##### The records #####

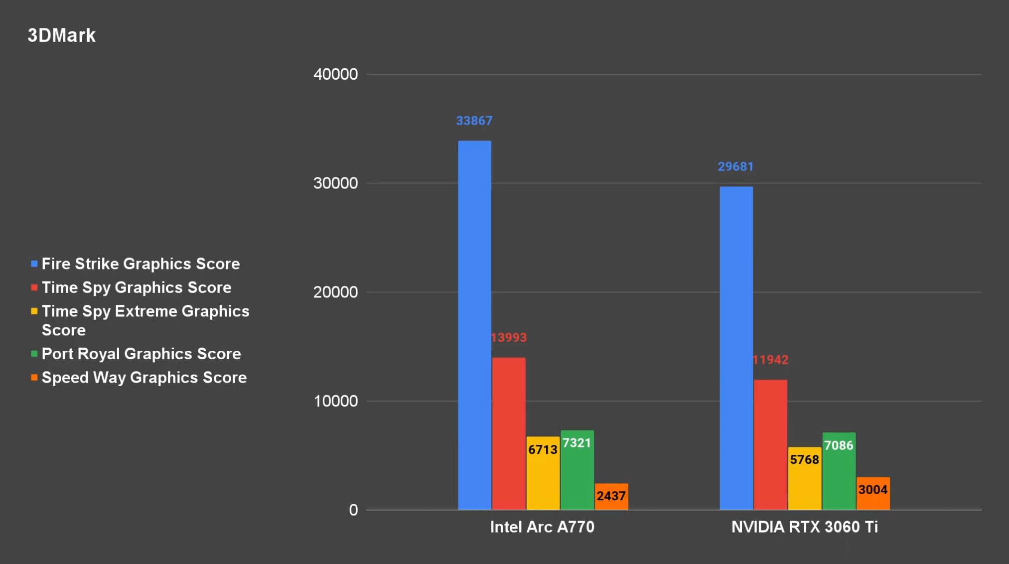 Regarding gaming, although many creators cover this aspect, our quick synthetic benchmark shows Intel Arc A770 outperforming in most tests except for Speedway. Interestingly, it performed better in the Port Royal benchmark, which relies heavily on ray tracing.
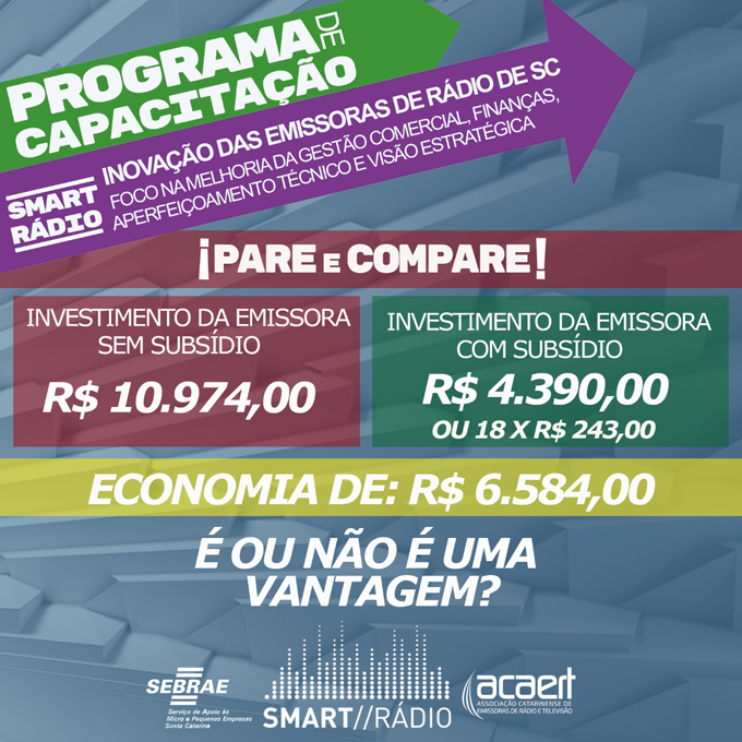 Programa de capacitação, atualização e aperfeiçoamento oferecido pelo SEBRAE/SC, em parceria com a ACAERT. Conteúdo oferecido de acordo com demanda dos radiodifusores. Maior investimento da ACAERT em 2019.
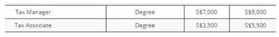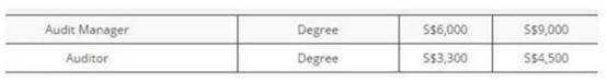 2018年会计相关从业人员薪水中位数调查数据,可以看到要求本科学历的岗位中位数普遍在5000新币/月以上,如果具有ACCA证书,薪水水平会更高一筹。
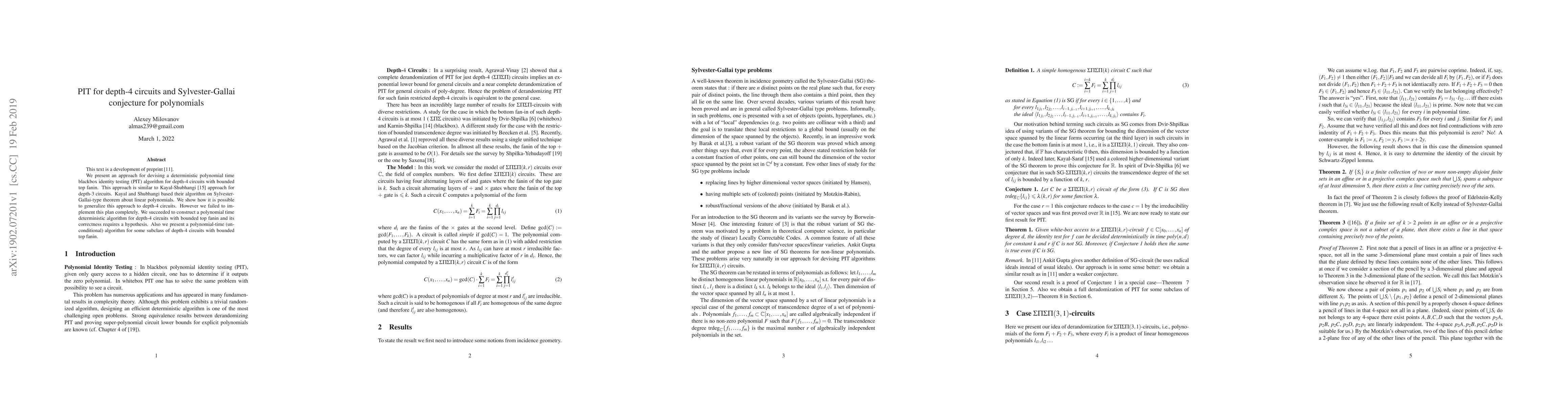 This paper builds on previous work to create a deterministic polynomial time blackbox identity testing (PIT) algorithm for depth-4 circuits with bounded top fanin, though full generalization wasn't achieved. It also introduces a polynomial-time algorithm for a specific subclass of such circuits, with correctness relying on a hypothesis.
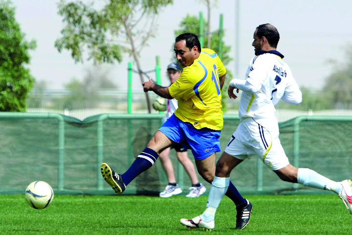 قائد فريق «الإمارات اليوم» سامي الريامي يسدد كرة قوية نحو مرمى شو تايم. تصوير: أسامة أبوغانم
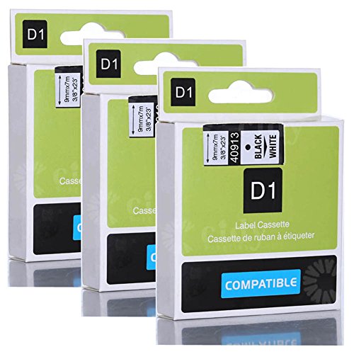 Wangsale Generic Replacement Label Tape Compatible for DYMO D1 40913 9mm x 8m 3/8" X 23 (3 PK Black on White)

#####

● Exercise details
The records above must be retyped exactly. Please omit the pictures.

● Answer for the task
 Regarding gaming, although many creators cover this aspect, our quick synthetic benchmark shows Intel Arc A770 outperforming in most tests except for Speedway. Interestingly, it performed better in the Port Royal benchmark, which relies heavily on ray tracing.
 Programa de capacitação, atualização e aperfeiçoamento oferecido pelo SEBRAE/SC, em parceria com a ACAERT. Conteúdo oferecido de acordo com demanda dos radiodifusores. Maior investimento da ACAERT em 2019.
 2018年会计相关从业人员薪水中位数调查数据,可以看到要求本科学历的岗位中位数普遍在5000新币/月以上,如果具有ACCA证书,薪水水平会更高一筹。
 This paper builds on previous work to create a deterministic polynomial time blackbox identity testing (PIT) algorithm for depth-4 circuits with bounded top fanin, though full generalization wasn't achieved. It also introduces a polynomial-time algorithm for a specific subclass of such circuits, with correctness relying on a hypothesis.
 قائد فريق «الإمارات اليوم» سامي الريامي يسدد كرة قوية نحو مرمى شو تايم. تصوير: أسامة أبوغانم
 Wangsale Generic Replacement Label Tape Compatible for DYMO D1 40913 9mm x 8m 3/8" X 23 (3 PK Black on White)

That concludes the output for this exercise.